The decision by the Al-Sabah led government to confront the protesters directly with some force caught many by surprise. Yet despite the emir’s pledge to preserve national unity in the face of tribal and sectarian forces, he was in fact facing a much broader alliance. Thus the decision to shut down the protest may have been calculated to break that fractious coalition, and perhaps to empower the radicals.

His October 19 speech announcing the decision to reform the electoral system gives some indication of the government strategy. In it he reminded Kuwaitis of the toll such "unreal crises" made on development plans and the country’s standing. His message was reinforced by the decline in the Kuwait stock market in reaction to the protest earlier in the week. The invocation of loss resonates with many Kuwaitis who have seen their country passed by upstart emirates with more stable governments, but it especially speaks to the well off urban Kuwaitis who have more to lose. Their sentiment acts as a check on some in the opposition, especially those in the liberal nationalist camp, whose constituents fear the empowerment of the tribal populists.

The decision to stand tough, even with some violence, could also be part of a strategy to radicalize part of the opposition. In his speech, the emir spoke eloquently of the dangers of division and sectarianism. While some Shiites have joined the nationalists, mostly the exclusively urban Shiite political groups are remaining close to the Al-Sabah regime, fearful of the anti-Shiite sentiments expressed by some Salafi MPs in the opposition camp. The dependence of Al-Sabah on this voting constituency has increased as the opposition in parliament has grown. Thus mobilization against Al Sabah on sectarian grounds is a temptation for some in the opposition. The regional context of Gulf Coordination Council (GCC) competition with Iran facilitates the use of this sectarian rhetoric. Former Salafi MP Waleed al-Tabtaba’I tapped into this sentiment in a tweet portraying the electoral reform as a plot to install Iranian hegemony via a rigged parliamentary majority.

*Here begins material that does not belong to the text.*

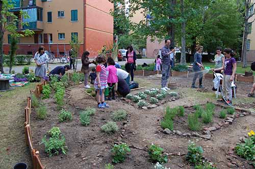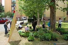 Quadrilatero fuori porta | This project transformed the outdoor spaces of a public housing complex to counter their degradation and the associated increase in social conflicts. This was achieved through a participatory process where residents worked with designers, craftsmen and municipal staff. The process started with an event where an aromatic garden was constructed, using recycled materials; tables made of old voting booths define the space, around beds containing flowers and aromatic plants delimited by stones and bricks recovered on site. This was the first of a series of events that has led to a network of small sites within this complex. These gardens have been the focal point of numerous activities that have changed the nature of these green spaces.

Such portrayals of the Al-Sabah regime as disloyal may have precipitated Tabtaba’l’s arrest on Sunday.

Still there is some evidence that this strategic suppression may backfire. Kuwaitis have a reverence for constitutional order and expect healthy constraints on power. In the past two years overreach by security forces — an attack on a diwaniya gathering in 2010, the beating of student protesters in 2011 — pushed the key swing bloc, the liberal nationalists, back into the opposition fold. It was this broad coalition, backed by street activists, who forced the hand of the emir in accepting the resignation of the prime minister the very week he vowed never to do so.   

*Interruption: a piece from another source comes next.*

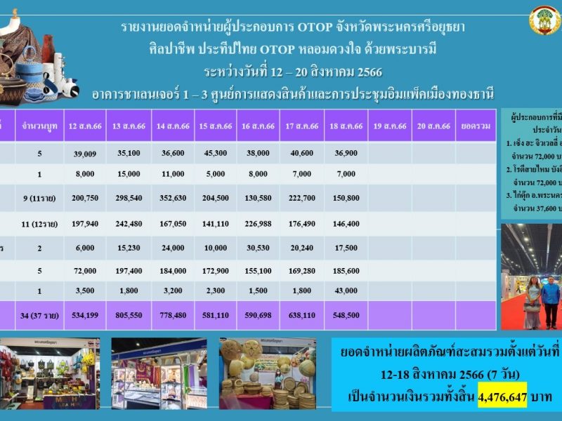 พช.อยุธยา ร่วมจัดหน่ายผลิตภัณฑ์OTOP งานศิลปาชีพ ประทีปไทย OTOP หลอมดวงใจ ด้วยพระบารมี “ผ้าทอไทย สายใยแห่งพระเมตตา สร้างอาชีพปวงประชา อย่างยั่งยืน”
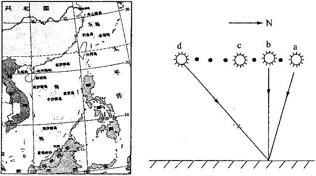 (3)30°N纬度的白昼长为?小时;M地太阳在观察者的?方向升起。

To force more concessions and to achieve the increased parliamentary control they are seeking, the opposition needs to show restraint and strategic timing: to earn the public’s trust in their leadership. The Arab Spring across the region shows ample examples of the dire consequences of a fragmented and radicalized opposition. Kuwaitis are walking a dangerous tightrope and they do indeed have much to lose.

And the entire Gulf region is tuning in to the spectacle. The Gulf twittersphere was full of commentary on the clashes: Saudi youth activists cheering on the Kuwaiti marchers streaming below the iconic Kuwait towers; Dubai Chief and anti-Muslim Brotherhood campaigner Dahi Khalfan asserting the primacy of Al-Sabah. The overwhelming majority of GCC citizens are not seeking revolution, but to   harness the energy of the Arab Spring and its promise of citizen empowerment for the cause of reform? Kuwait may have lost its luster in the years of stalemate, but on Sunday night it proved its politics still have the ability to captivate.

Kristin Smith Diwan is an assistant professor of comparative and regional studies at the American University School of International Service.